One of the most frightening non-criminal bureaucratic actions the state can impose against you is the suspension of your driver’s license. That suspension may affect not only your sense of personal freedom but your very livelihood. If you find yourself facing a possible loss of your California driver’s license based upon a “lack of skill” suspension, you should be aware that there can be several steps to the process, which means that you have several opportunities to present information that may help you avoid this kind of license suspension. To work toward avoiding this suspension, it is important to understand the difference between a lack-of-skill interview as opposed to a lack-of-skill hearing, and how you need to handle each type of event. As with any type of situation that may impact your continued ability to drive legally, make sure you’ve retained an experienced San Francisco DMV defense attorney to give you the advice you need.

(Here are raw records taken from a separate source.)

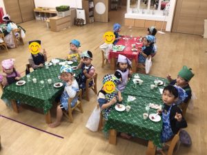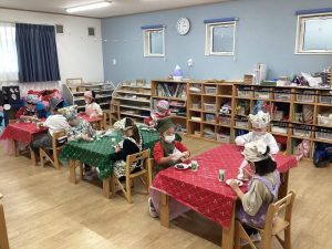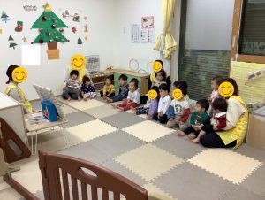 1つの保育室に集合して、みんなで賑やかにクリスマスを過ごしました☆
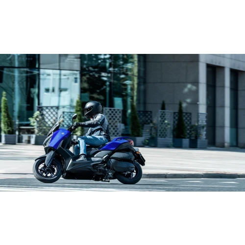 Kombinasjonen av et godt polstret trappet dobbeltsete, et romslig fotbrettområde og sammenleggbare passasjerfothvilere, gjør XMAX 300 til en av de mest komfortable måtene å pendle på. Den lett tilgjengelige cockpiten betyr at du kan raskt og enkelt komme deg på og av. Den avslappede ergonomien og utmerkede vindbeskyttelsen sørger for en stressfri kjøreopplevelse.
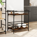 Créez une touche distinctive et vintage et ajoutez plus d'espace de rangement à votre cuisine avec ce chariot de cuisine ! Matériau durable : le bois d'ingénierie est d'une qualité exceptionnelle avec une surface lisse et se caractérise également par sa solidité, stabilité et résistance à l'humidité. Le cadre en acier assure la robustesse et la stabilité. Grand espace de rangement : ce chariot à légumes offre beaucoup d'espace de rangement pour garder les aliments, les bols, les assiettes, les recettes et autres ustensiles de cuisine à portée de main. Le porte-serviettes sur le côté permet de garder vos serviettes à portée de main. Facile à déplacer : ce chariot de cuisine est doté de 4 roues dont 2 sont verrouillables, ce qui lui permet de le déplacer en douceur et de le garer de manière stable à tout moment. Nombreuses applications : ce chariot d'organisation peut être placé dans la cuisine, le salon, la salle de bain, le bureau et d'autres endroits. Vous pouvez l'utiliser pour placer des articles quotidiens, des épices, des articles de toilette, des livres et d'autres objets pour améliorer la propreté de votre maison. Installation flexible : ce chariot de rangement de cuisine peut être utilisé de deux manières. Vous pouvez le poser sur le plancher avec des pieds réglables pour plus de stabilité sur les surfaces inégales ou fixer les roulettes pour un déplacement facile. Attention :Pour éviter qu'il ne bascule, ce produit doit être utilisé avec le dispositif de fixation murale fourni.

As noted above, an interview is very distinct from a hearing. The interview phase takes place near the beginning of a lack-of-skill case. One mistake that too many people make is that they fail to appreciate the seriousness of a loss-of-skill interview. They do not recognize the risks facing them and walk into the interview ill-prepared. These unprepared drivers may not be ready for the questions they get from the hearing officer and, due to that lack of preparation and knowledge, do not know how to respond properly to the questions they’re asked. When that happens, this interview process may go badly and be enough to lead the DMV to issue a suspension.
If the DMV does suspend your license after the interview phase, then the hearing phase may follow. To get your case to a hearing, though, you have to act properly and quickly. You must make a valid request and get the hearing scheduled within 14 days. At your hearing, the outcome you’re looking for is a reversal of that suspension of your license. To get that outcome, it once again (just as in the interview phase) comes down to solid preparation and giving the hearing officer what he/she needs to hear/see in order to determine that you are, in fact, safe to drive.